PROMPT :: Although the records contain pictures, only their text should be repeated, exactly as it stands.

Entries taken from a collection
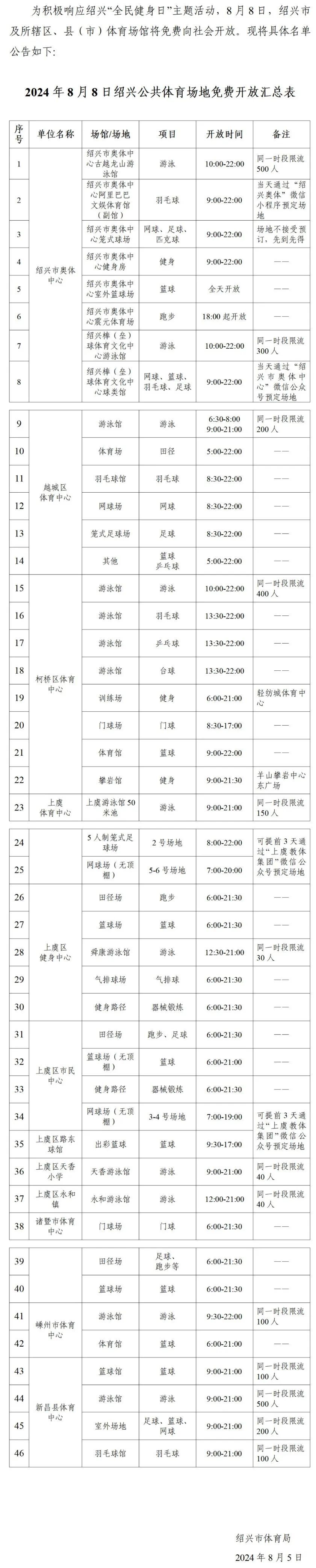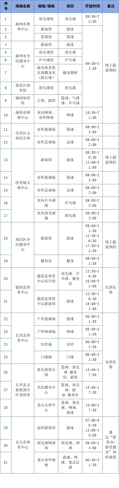 8月8日,湖州这些公共体育场馆将面向市民朋友免费开放。
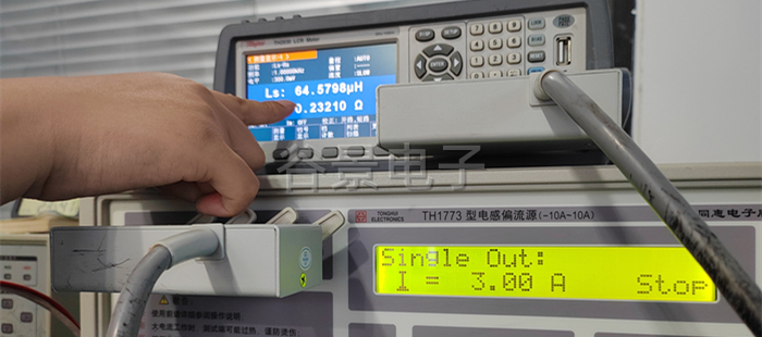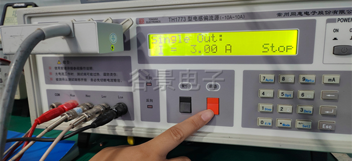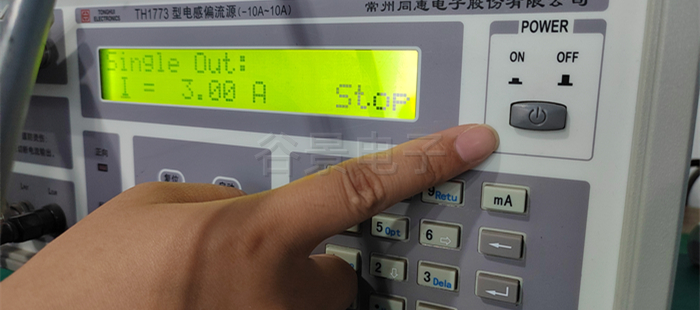 4、點擊測試儀器上的紅色啟動按鈕,開始加載電流,這個時候會看到感值隨著電流的變化在變化,這個時候要做好相應的數據記錄;
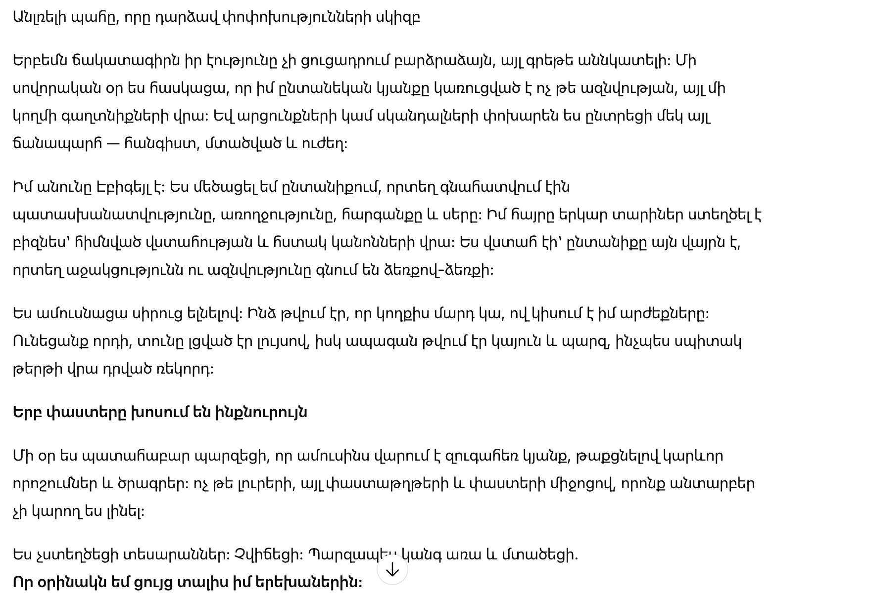 Меня зовут Абигейл. Я выросла в семье, где ценили ответственность, здоровье, уважение и любовь. Мой отец много лет создавал бизнес, основанный на доверии и чётких правилах. Я была уверена: семья — это место, где поддержка и честность идут рядом.
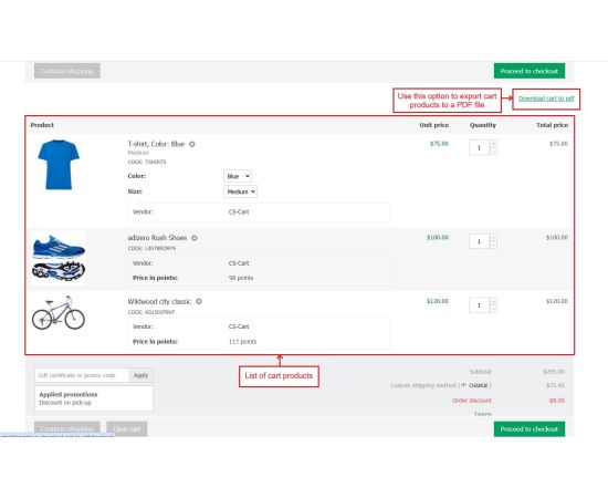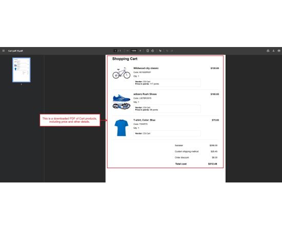 Download Cart to PDF add-on helps customers save their cart details as a PDF file in just one click. It converts all cart products, prices, and details into a well-structured PDF format.
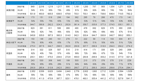 不動産ビッグデータとAI等のテクノロジーを活用し、不動産マーケティングプラットフォームを提供する株式会社マーキュリー(本社:東京都新宿区 代表取締役:陣 隆浩、証券コード5025、以下「当社」)は、独自調査による新築マンション動向を発表致します。今月は、2025年8月度分譲実績データです。
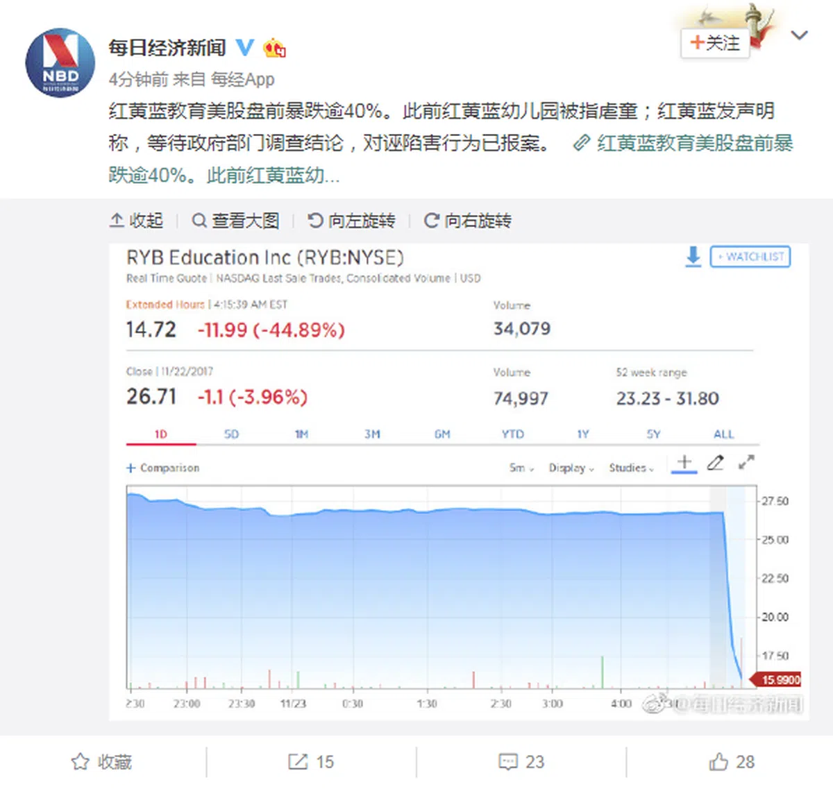 不过,在有关虐童的传闻曝光后,每日经济新闻今天报道称,红黄蓝教育美股盘前暴跌逾40%。
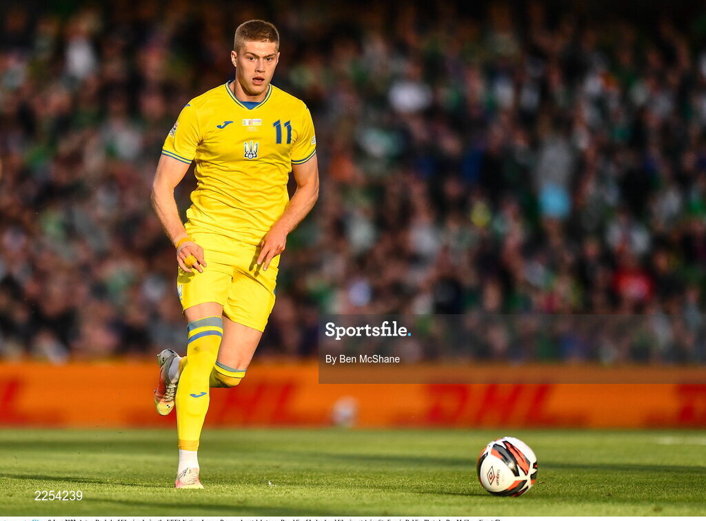 8 June 2022; Artem Dovbyk of Ukraine during the UEFA Nations League B group 1 match between Republic of Ireland and Ukraine at Aviva Stadium in Dublin. Photo by Ben McShane/Sportsfile
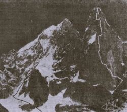 Čez robno poč si pomagam z dvema lednima kladivoma in šele potem si izbijem stojišče v sneg in varujem. Ko se izteče prvih 40 m vrvi, krene za Nadjo takoj tudi Sepp in tako napredujeta oba hkrati. Prvo snežišče je nesramno dolgo in stojišč sploh ni. V sneg si je treba večno na novo izbiti stopnico, se pritrditi na zabiti cepin in varovati. Takšno varovanje ni dosti vredno in vtis slabih varovališč je vedno bolj moreč. Na sredini spodnje vestne samo enkrat lahko varujemo ob skalah na varno zabitem skalnem klinu, potem do ključne skalnate stopnje ni nobenega duševnega pomora več. Sneg je odličen in zelo naglo smo napredovali. Sedaj bomo morali odplačati ceno za to. Nič ni zastonj! Za tri raztežaje velika srednja skalnata zapora je namreč vklenjena v sneg in vsak prijem bo treba izkopati izpod ledu. Sonce je že tako visoko, da se prožijo prve lavine in da slap drobcev ledu in kamenja na robu kaže, kje se bodo skale položile in nam dovolile po snegu naprej. Dragocene ure gredo v izgubo, pa še dvakratno, zoprno varovanj trojne naveze nam je v zamudo.
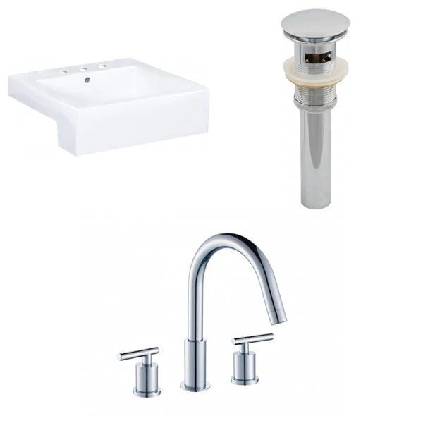 - Includes: 1 bathroom vessel sink in white, 1 bathroom sink faucet in chrome, 1 bathroom sink drain in chrome
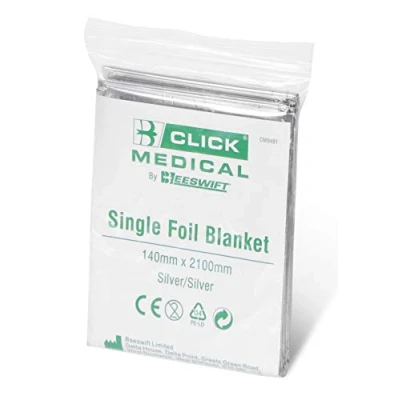 Cost effective insulation for accident victims Ideal for those in shock or for wrapping around casualties with hypothermia Radiant heat reflectance over 90% Unfolded size: 210 x 130cm Folds to a compact 10 x 6cm Cost effective insulation for accident victims Ideal for those in shock or for wrapping around casualties with hypothermia Radiant heat reflectance over 90% Unfolded size: 210 x 130cm
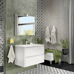Meuble de salle de bain suspendu, équipé de deux tiroirs de 80 cm à fermeture amortie. L'évier est en céramique. Le miroir est inclus dans le prix.
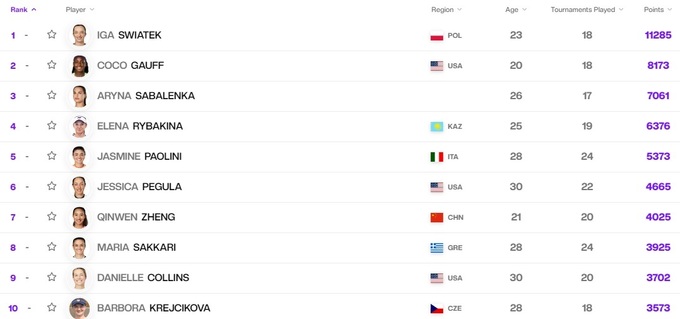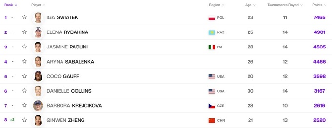 В Чемпионской гонке Чжэн Циньвень поднялась на восьмое место, потеснив Алену Остапенко.
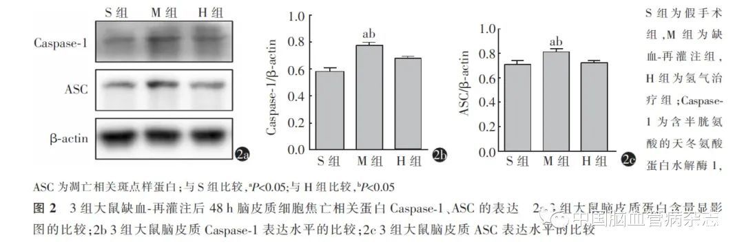 方法 纳入雄性健康无特定病原体(SPF)级Sprague Dawley(SD)大鼠72 只,采用随机数字表法进行完全随机化分组,将实验动物随机分为3 组,分别为假手术组(S 组)、脑缺血-再灌注组(M 组)和氢气治疗组(H 组),每组24 只。S 组结扎并离断左侧颈外动脉,M 组与H 组建立大鼠大脑中动脉栓塞(MCAO)模型,S组、M组大鼠于再灌注前1 h、再灌注后20 h和44 h 3个时间点吸入45 min 空气(21%O2-78%N2),H组于再灌注前1 h、再灌注后20 h和44 h 3 个时间点吸入45 min 高浓度氢气(42% H2-21% O2-37% N2)。于再灌注后48 h 断头处死大鼠,观察大鼠脑梗死面积及脑组织水肿情况,采用Western blot 法检测细胞焦亡相关蛋白含半胱氨酸的天冬氨酸蛋白水解酶1(Caspase-1)及凋亡相关斑点样蛋白(ASC)含量,采用酶联免疫吸附测定(ELISA)方法检测白细胞介素1β(IL-1β)和IL-18 水平,并记录大鼠缺血-再灌注后1、3、5、7 d 时神经功能评分[改良神经功能缺损评分(mNSS)、Garcia 评分]、体质量变化情况以及生存状况。
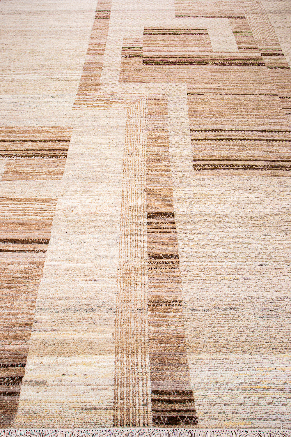 Крупные рисунки в виде линий и фигур на фактурной поверхности ковра превращаются в выразительные композиции. Они акцентируют на себе внимание и добавляют динамики в современный интерьер. Комбинации разных фигур и повторяющийся орнамент задают ритмическую основу пространству, привносят в него оригинальные оптические иллюзии.
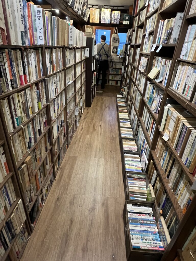 スペースは2階まであり、沢山の種類の本が置いてあります。本の種類は小説よりも専門書や歴史、自己啓発に関する本が多い印象です。店主さんが大学の教授だったのかな?
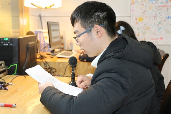 校广播站播音员播发“两会”新闻
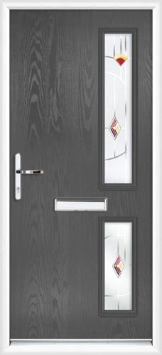 With two vertical glass panels on the hinge side, one half height and the other below slightly shorter, and a flat Garda style slab, the Rutland composite front doors are perfect for anyone looking for a contemporary door design for their home. These doors are thermally efficient, with warm edge tech spacer bars in the glass reducing heat loss from inside the home, and with gasket weatherseals pre fitted around the door's edges ensuring a draughtproof seal on those winter months.
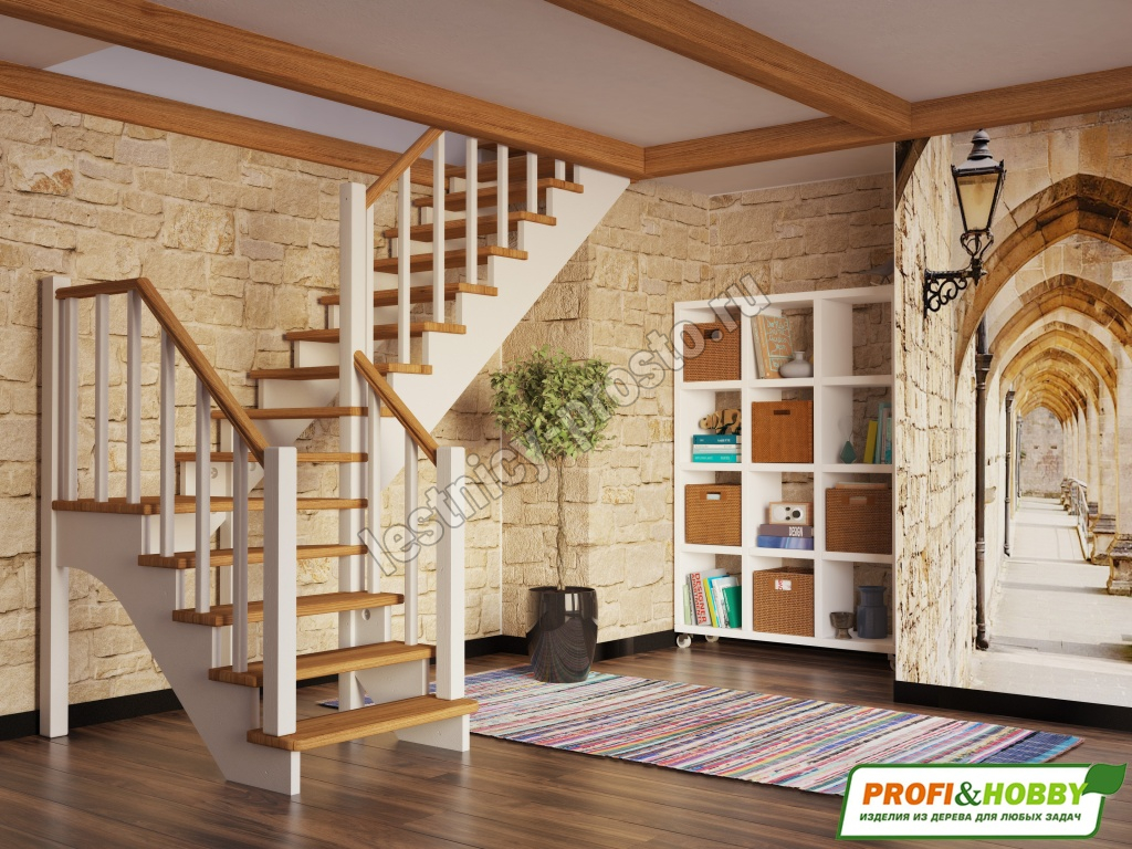 Ступени и поручень лестницы изготовлены из дуба, остальные элементы из сосны. Возможно изготовление данной модели полностью из дуба

TASK RESULT ::
 8月8日,湖州这些公共体育场馆将面向市民朋友免费开放。
 4、點擊測試儀器上的紅色啟動按鈕,開始加載電流,這個時候會看到感值隨著電流的變化在變化,這個時候要做好相應的數據記錄;
 Меня зовут Абигейл. Я выросла в семье, где ценили ответственность, здоровье, уважение и любовь. Мой отец много лет создавал бизнес, основанный на доверии и чётких правилах. Я была уверена: семья — это место, где поддержка и честность идут рядом.
 Download Cart to PDF add-on helps customers save their cart details as a PDF file in just one click. It converts all cart products, prices, and details into a well-structured PDF format.
 不動産ビッグデータとAI等のテクノロジーを活用し、不動産マーケティングプラットフォームを提供する株式会社マーキュリー(本社:東京都新宿区 代表取締役:陣 隆浩、証券コード5025、以下「当社」)は、独自調査による新築マンション動向を発表致します。今月は、2025年8月度分譲実績データです。
 不过,在有关虐童的传闻曝光后,每日经济新闻今天报道称,红黄蓝教育美股盘前暴跌逾40%。
 8 June 2022; Artem Dovbyk of Ukraine during the UEFA Nations League B group 1 match between Republic of Ireland and Ukraine at Aviva Stadium in Dublin. Photo by Ben McShane/Sportsfile
 Čez robno poč si pomagam z dvema lednima kladivoma in šele potem si izbijem stojišče v sneg in varujem. Ko se izteče prvih 40 m vrvi, krene za Nadjo takoj tudi Sepp in tako napredujeta oba hkrati. Prvo snežišče je nesramno dolgo in stojišč sploh ni. V sneg si je treba večno na novo izbiti stopnico, se pritrditi na zabiti cepin in varovati. Takšno varovanje ni dosti vredno in vtis slabih varovališč je vedno bolj moreč. Na sredini spodnje vestne samo enkrat lahko varujemo ob skalah na varno zabitem skalnem klinu, potem do ključne skalnate stopnje ni nobenega duševnega pomora več. Sneg je odličen in zelo naglo smo napredovali. Sedaj bomo morali odplačati ceno za to. Nič ni zastonj! Za tri raztežaje velika srednja skalnata zapora je namreč vklenjena v sneg in vsak prijem bo treba izkopati izpod ledu. Sonce je že tako visoko, da se prožijo prve lavine in da slap drobcev ledu in kamenja na robu kaže, kje se bodo skale položile in nam dovolile po snegu naprej. Dragocene ure gredo v izgubo, pa še dvakratno, zoprno varovanj trojne naveze nam je v zamudo.
 - Includes: 1 bathroom vessel sink in white, 1 bathroom sink faucet in chrome, 1 bathroom sink drain in chrome
 Cost effective insulation for accident victims Ideal for those in shock or for wrapping around casualties with hypothermia Radiant heat reflectance over 90% Unfolded size: 210 x 130cm Folds to a compact 10 x 6cm Cost effective insulation for accident victims Ideal for those in shock or for wrapping around casualties with hypothermia Radiant heat reflectance over 90% Unfolded size: 210 x 130cm
Meuble de salle de bain suspendu, équipé de deux tiroirs de 80 cm à fermeture amortie. L'évier est en céramique. Le miroir est inclus dans le prix.
 В Чемпионской гонке Чжэн Циньвень поднялась на восьмое место, потеснив Алену Остапенко.
 方法 纳入雄性健康无特定病原体(SPF)级Sprague Dawley(SD)大鼠72 只,采用随机数字表法进行完全随机化分组,将实验动物随机分为3 组,分别为假手术组(S 组)、脑缺血-再灌注组(M 组)和氢气治疗组(H 组),每组24 只。S 组结扎并离断左侧颈外动脉,M 组与H 组建立大鼠大脑中动脉栓塞(MCAO)模型,S组、M组大鼠于再灌注前1 h、再灌注后20 h和44 h 3个时间点吸入45 min 空气(21%O2-78%N2),H组于再灌注前1 h、再灌注后20 h和44 h 3 个时间点吸入45 min 高浓度氢气(42% H2-21% O2-37% N2)。于再灌注后48 h 断头处死大鼠,观察大鼠脑梗死面积及脑组织水肿情况,采用Western blot 法检测细胞焦亡相关蛋白含半胱氨酸的天冬氨酸蛋白水解酶1(Caspase-1)及凋亡相关斑点样蛋白(ASC)含量,采用酶联免疫吸附测定(ELISA)方法检测白细胞介素1β(IL-1β)和IL-18 水平,并记录大鼠缺血-再灌注后1、3、5、7 d 时神经功能评分[改良神经功能缺损评分(mNSS)、Garcia 评分]、体质量变化情况以及生存状况。
 Крупные рисунки в виде линий и фигур на фактурной поверхности ковра превращаются в выразительные композиции. Они акцентируют на себе внимание и добавляют динамики в современный интерьер. Комбинации разных фигур и повторяющийся орнамент задают ритмическую основу пространству, привносят в него оригинальные оптические иллюзии.
 スペースは2階まであり、沢山の種類の本が置いてあります。本の種類は小説よりも専門書や歴史、自己啓発に関する本が多い印象です。店主さんが大学の教授だったのかな?
 校广播站播音员播发“两会”新闻
 With two vertical glass panels on the hinge side, one half height and the other below slightly shorter, and a flat Garda style slab, the Rutland composite front doors are perfect for anyone looking for a contemporary door design for their home. These doors are thermally efficient, with warm edge tech spacer bars in the glass reducing heat loss from inside the home, and with gasket weatherseals pre fitted around the door's edges ensuring a draughtproof seal on those winter months.
 Ступени и поручень лестницы изготовлены из дуба, остальные элементы из сосны. Возможно изготовление данной модели полностью из дуба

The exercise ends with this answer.